▸ **TASK TO COMPLETE**
From top to bottom, return the listing exactly as it appears, omitting its images.

RECORDED DATA: Begin

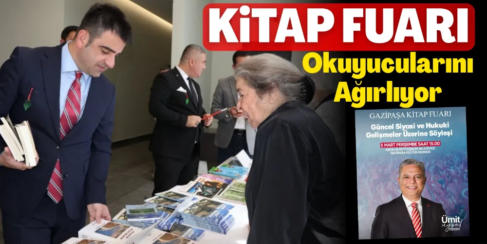 Fuar kapsamında bugün Antalya Muratpaşa Belediye Başkanı Ümit Uysal Gazipaşa’da olacak. Uysal, saat 15.00’te Antalya Büyükşehir Belediyesi Gazipaşa Kültür Merkezi’nde “Güncel Siyasi ve Hukuki Gelişmeler Üzerine” başlıklı söyleşide kitapseverlerle bir araya gelecek. Uysal, Gazipaşalı hemşehrilerini söyleşiye davet etti.
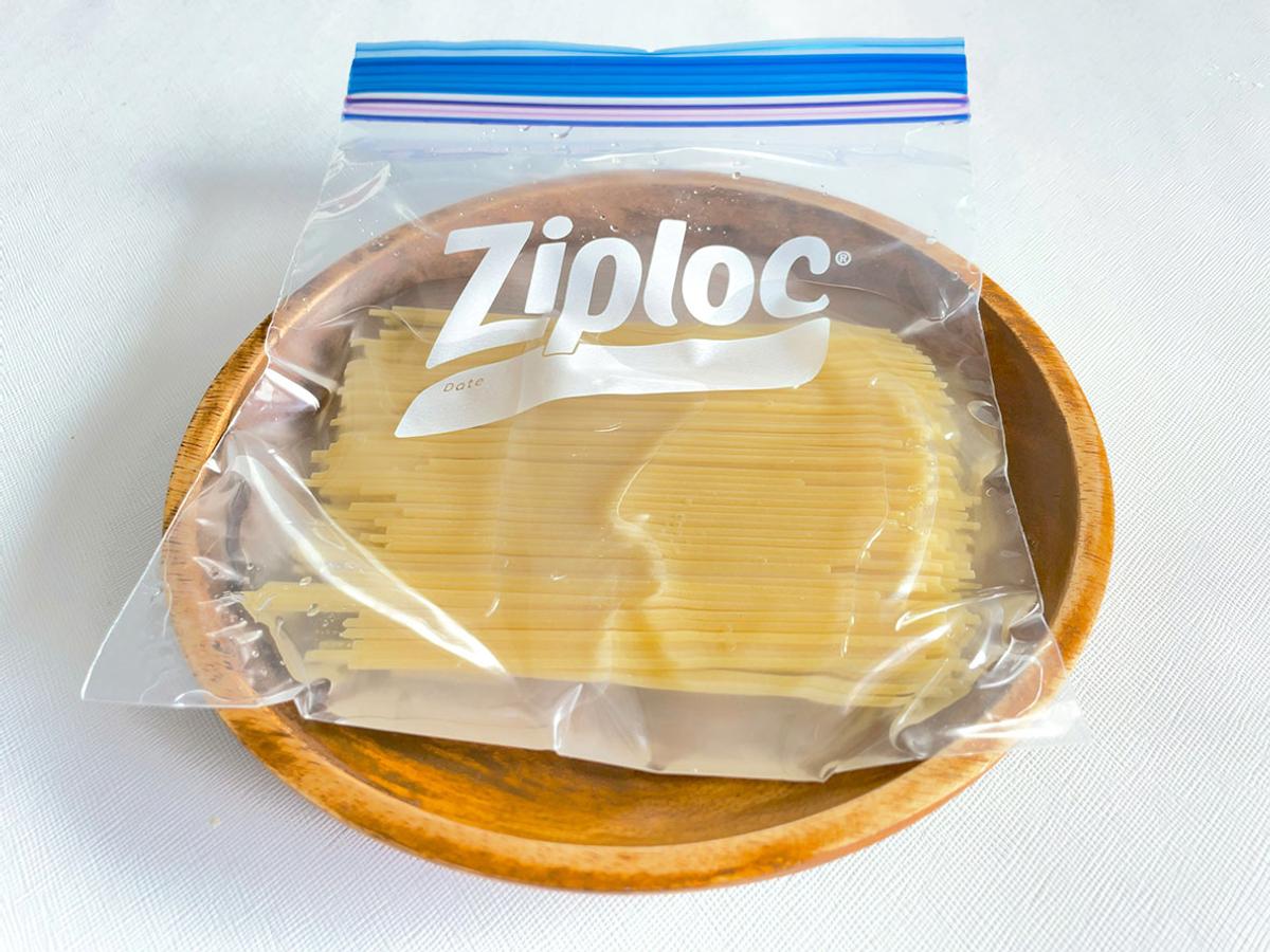 パスタを真ん中で半分に折り、ジップロック®にパスタと水約2〜300cc(パスタが全体的に水に浸かる量)を入れて2時間漬けます。
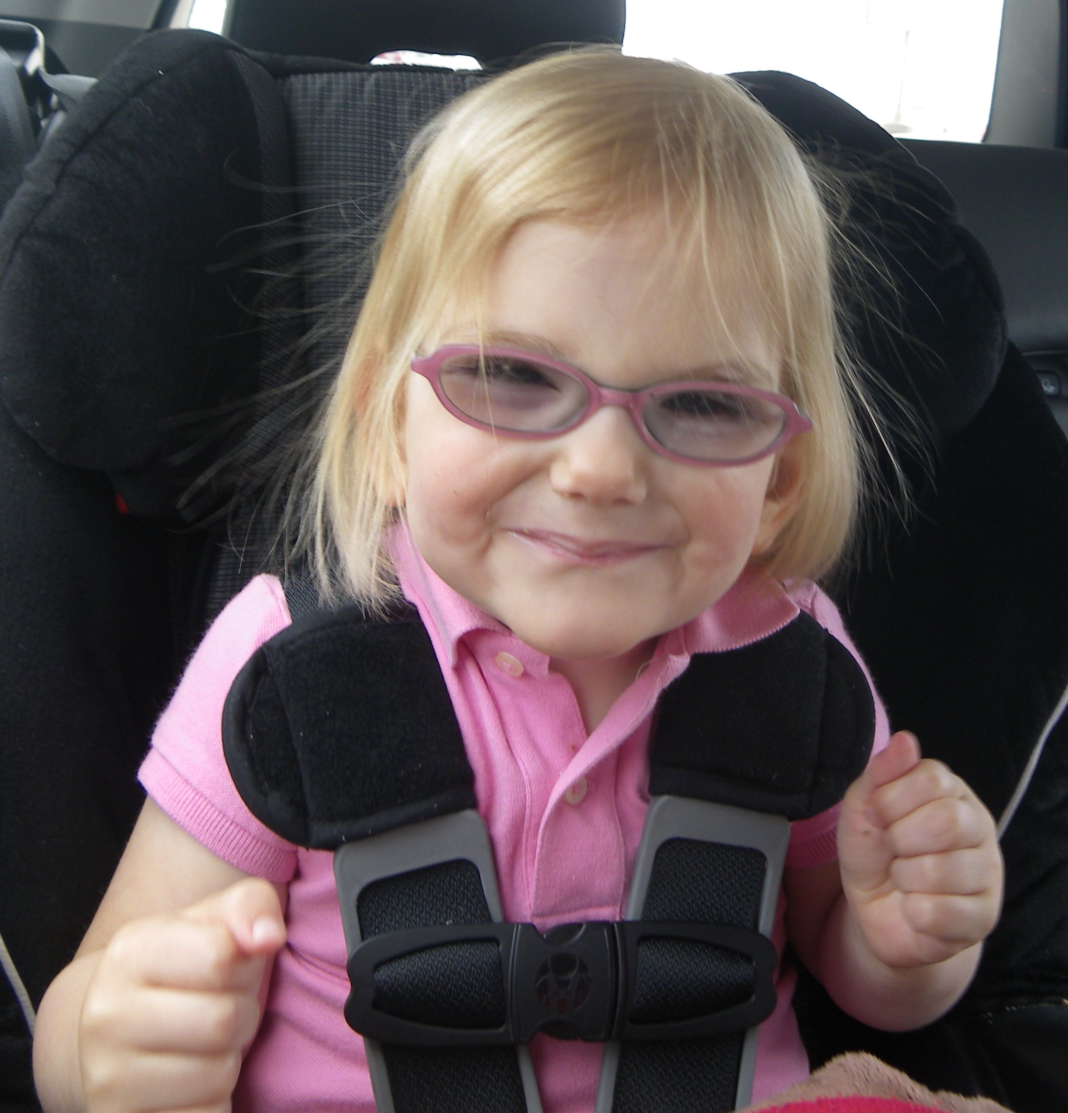 My nearly four-year-old daughter Isabella has multiple ocular diagnoses: severe hyperopia (farsightedness), astigmatism, mild macular hypoplasia (“underdevelopment of the macula, a small area on the retina responsible for seeing in detail” – read more) , latent nystagmus (“involuntary rapid movement of the eyeball, occurring only when one eye is covered” – read more), and intermittent exotropia (“eyes that turn outward” –  read more).  She began seeing an ophthalmologist at six weeks old and received her first pair of glasses at 15 months. Today at nearly age four, her acuity measures about 20/70 with correction. Isabella also has bilateral sensorineural hearing loss, childhood apraxia of speech (a motor speech disorder),  hypotonia (low muscle tone), and fine and gross motor delays.
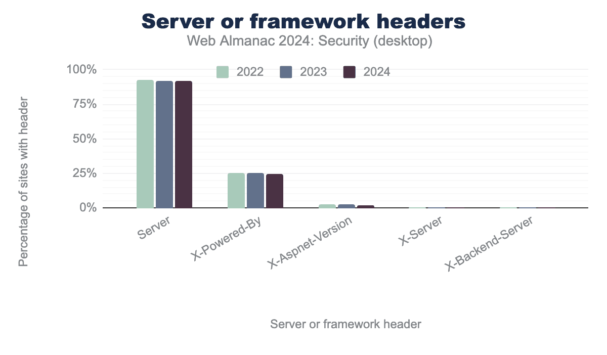 Serverヘッダーについては、2022年、2023年、2024年にそれぞれ92%、92%、92%です。X-Powered-Byについては、それぞれ25%、25%、24%です。X-Aspnet-Versionヘッダーについては、それぞれ3%、2%、2%です。X-Serverヘッダーについては、それぞれ0%、0%、0%です。X-Backend-Serverヘッダーについては、それぞれ0%、0%、0%です。もっとも一般的に公開されているヘッダーはServerヘッダーで、サーバーで実行されているソフトウェアを明らかにします。これに続くのがX-Powered-Byヘッダーで、サーバーが使用するテクノロジーを公開します。

RECORDED DATA: End

▸ **RESULT**
 Fuar kapsamında bugün Antalya Muratpaşa Belediye Başkanı Ümit Uysal Gazipaşa’da olacak. Uysal, saat 15.00’te Antalya Büyükşehir Belediyesi Gazipaşa Kültür Merkezi’nde “Güncel Siyasi ve Hukuki Gelişmeler Üzerine” başlıklı söyleşide kitapseverlerle bir araya gelecek. Uysal, Gazipaşalı hemşehrilerini söyleşiye davet etti.
 パスタを真ん中で半分に折り、ジップロック®にパスタと水約2〜300cc(パスタが全体的に水に浸かる量)を入れて2時間漬けます。
 My nearly four-year-old daughter Isabella has multiple ocular diagnoses: severe hyperopia (farsightedness), astigmatism, mild macular hypoplasia (“underdevelopment of the macula, a small area on the retina responsible for seeing in detail” – read more) , latent nystagmus (“involuntary rapid movement of the eyeball, occurring only when one eye is covered” – read more), and intermittent exotropia (“eyes that turn outward” –  read more).  She began seeing an ophthalmologist at six weeks old and received her first pair of glasses at 15 months. Today at nearly age four, her acuity measures about 20/70 with correction. Isabella also has bilateral sensorineural hearing loss, childhood apraxia of speech (a motor speech disorder),  hypotonia (low muscle tone), and fine and gross motor delays.
 Serverヘッダーについては、2022年、2023年、2024年にそれぞれ92%、92%、92%です。X-Powered-Byについては、それぞれ25%、25%、24%です。X-Aspnet-Versionヘッダーについては、それぞれ3%、2%、2%です。X-Serverヘッダーについては、それぞれ0%、0%、0%です。X-Backend-Serverヘッダーについては、それぞれ0%、0%、0%です。もっとも一般的に公開されているヘッダーはServerヘッダーで、サーバーで実行されているソフトウェアを明らかにします。これに続くのがX-Powered-Byヘッダーで、サーバーが使用するテクノロジーを公開します。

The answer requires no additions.